• **Your task**: Up to and including the line with "在社区的党员活动室,全体党员", restate every line of the records below word for word, from the first line on, leaving out the pictures.

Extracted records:
———

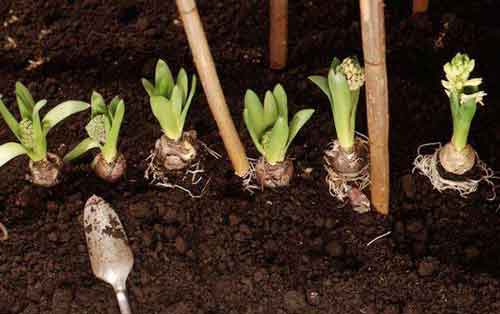 Odkvetlé hyacinty a tulipány, vysázené ve skupinách vyjmeme, jsou-li na místě déle než dva roky. Vyndáváme je, až když jim zaschnou listy.
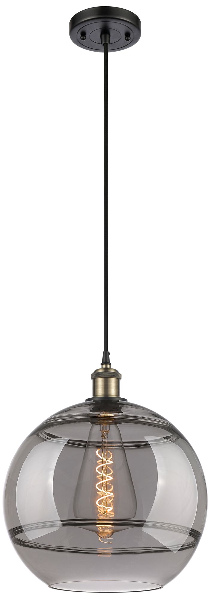Ballston Rochester 12"W Black Brass Corded Mini Pendant w/ Smoke Shade
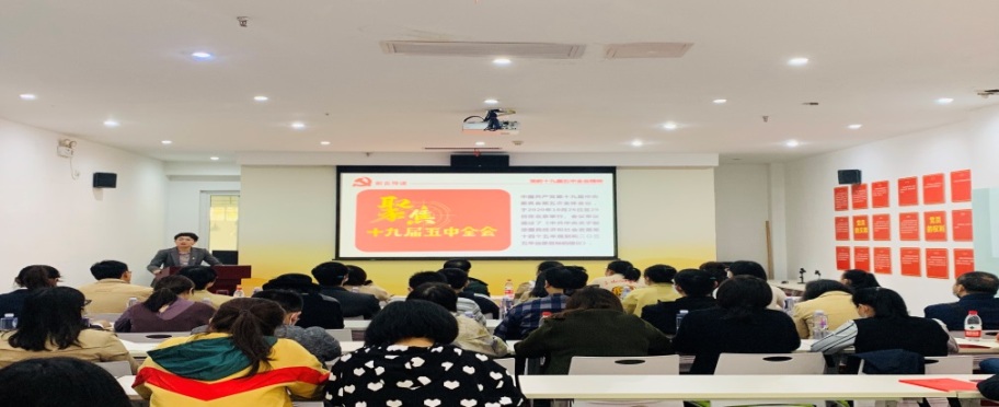 在社区的党员活动室,全体党员齐唱国歌,集体诵读党章,重温入党誓词。公司教师一支部党员徐丽副教授应邀宣讲十九届五中全会精神,她以《深耕细作答新卷,趁势而上启新程》为题,从党的十九届五中全会的时代背景、主要内容及重要意义等方面对全会精神作了系统阐述,还讲到了其中自己深受触动的关于“创新”、“坚持党的全面领导”等内容。宣讲结束后,社区党员代表和教师党员代表与大家分享了自己的学习体会,表示将继续深入学习党的十九届五中全会精神,真正做到“学懂、弄通、做实”,在各自的工作岗位上认真贯彻全会精神。
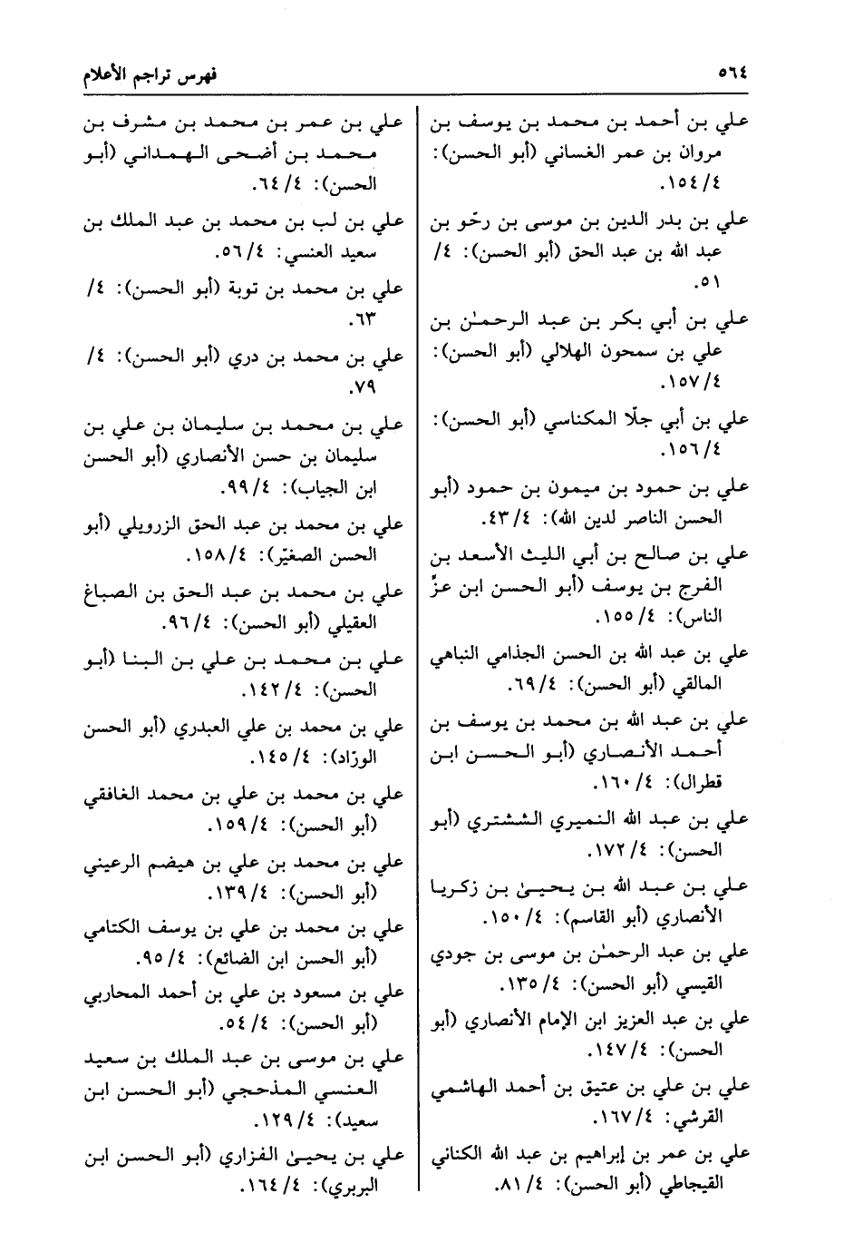 علي بن مسعود بن علي بن أحمد المحاربي (أبو الحسن) : 4/54.
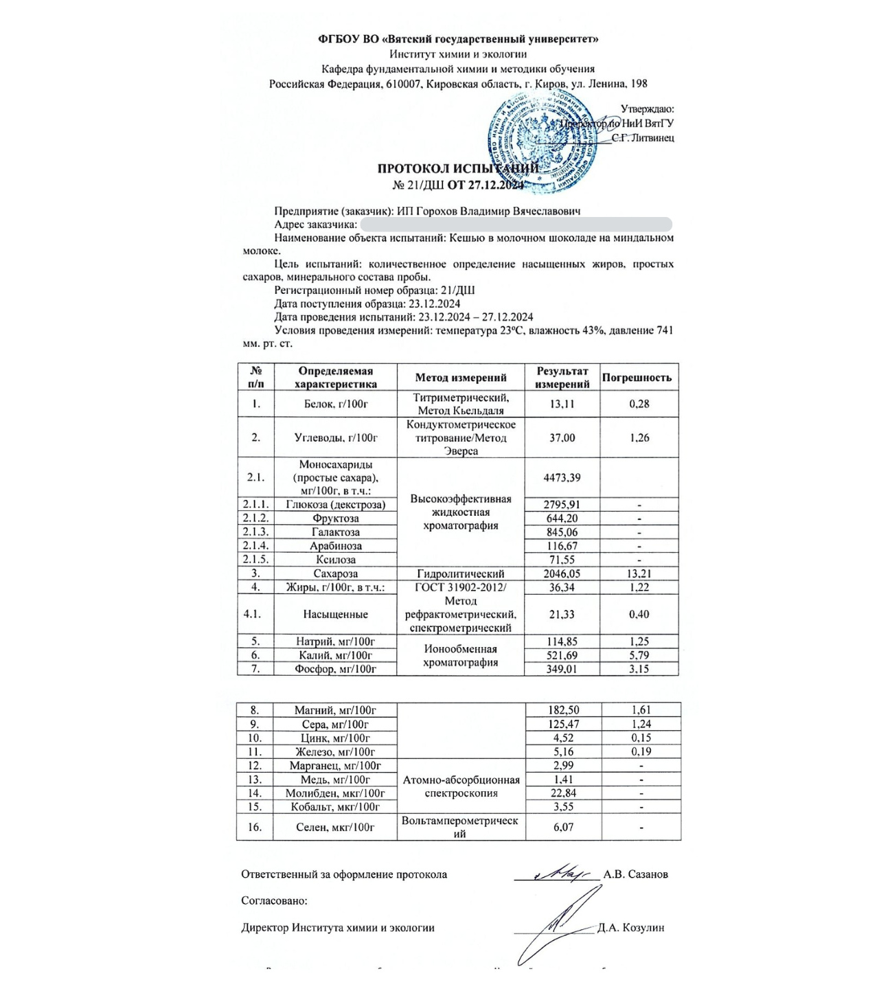 А что, если шоколад может не только радовать вкусом, но и реально работать на ваше здоровье? Мы отправили «Кешью в молочном шоколаде на миндальном молоке» на исследование в Вятский Государственный университет, и результаты говорят сами за себя: этот шоколад заряжает мозг, укрепляет сердце и даже помогает коже оставаться молодой. Как? Сейчас расскажем (полный протокол анализа в конце статьи).
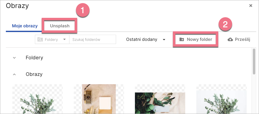 2. Zakładkę Unsplash (1) znajdziesz po lewej stronie panelu. Możesz utworzyć nowy folder (2), aby posegregować swoje obrazy.
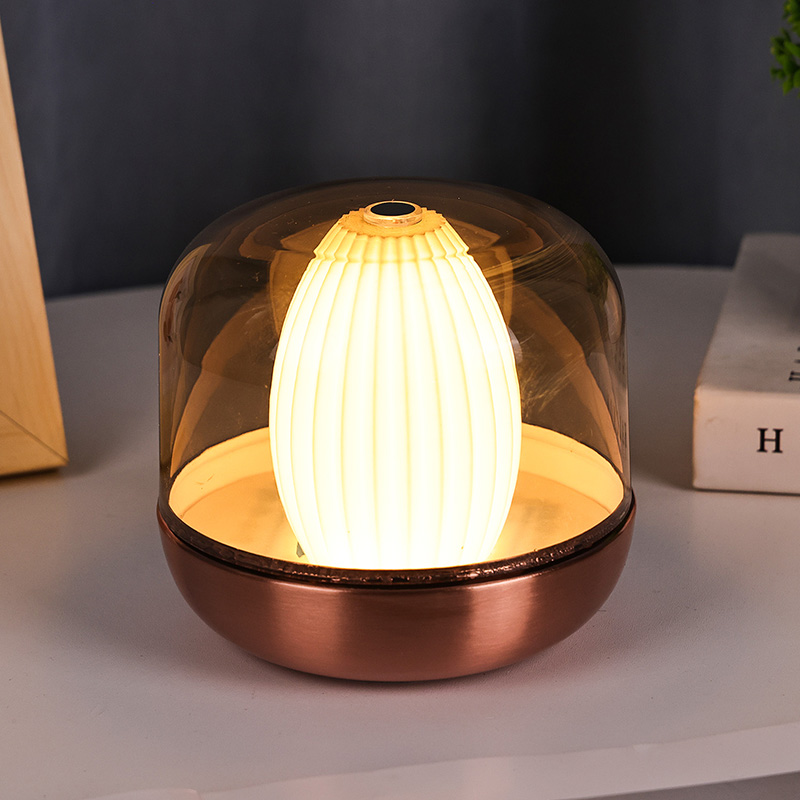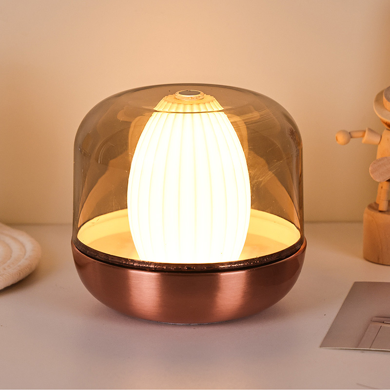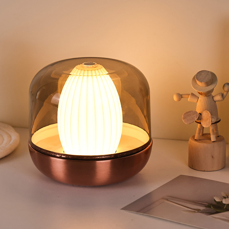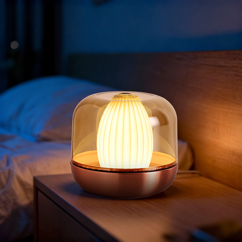 Дизайнерското вдъхновение на тази топла светеща нощна лампа произтича от сливането на природата и архитектурната естетика. Със своята закръглена и плътна цялостна форма, той прилича на прецизно издялан скъпоценен камък от кехлибар. Поставен на бюро или маса, той лесно се превръща във визуална фокусна точка. Външният слой разполага с покритие с висока прозрачност, което не само защитава вътрешния източник на светлина, но също така създава уникални светлинни и сенчести слоеве чрез пречупване, създавайки мечтателен визуален ефект.

———

• **Written solution**:
 Odkvetlé hyacinty a tulipány, vysázené ve skupinách vyjmeme, jsou-li na místě déle než dva roky. Vyndáváme je, až když jim zaschnou listy.
Ballston Rochester 12"W Black Brass Corded Mini Pendant w/ Smoke Shade
 在社区的党员活动室,全体党员齐唱国歌,集体诵读党章,重温入党誓词。公司教师一支部党员徐丽副教授应邀宣讲十九届五中全会精神,她以《深耕细作答新卷,趁势而上启新程》为题,从党的十九届五中全会的时代背景、主要内容及重要意义等方面对全会精神作了系统阐述,还讲到了其中自己深受触动的关于“创新”、“坚持党的全面领导”等内容。宣讲结束后,社区党员代表和教师党员代表与大家分享了自己的学习体会,表示将继续深入学习党的十九届五中全会精神,真正做到“学懂、弄通、做实”,在各自的工作岗位上认真贯彻全会精神。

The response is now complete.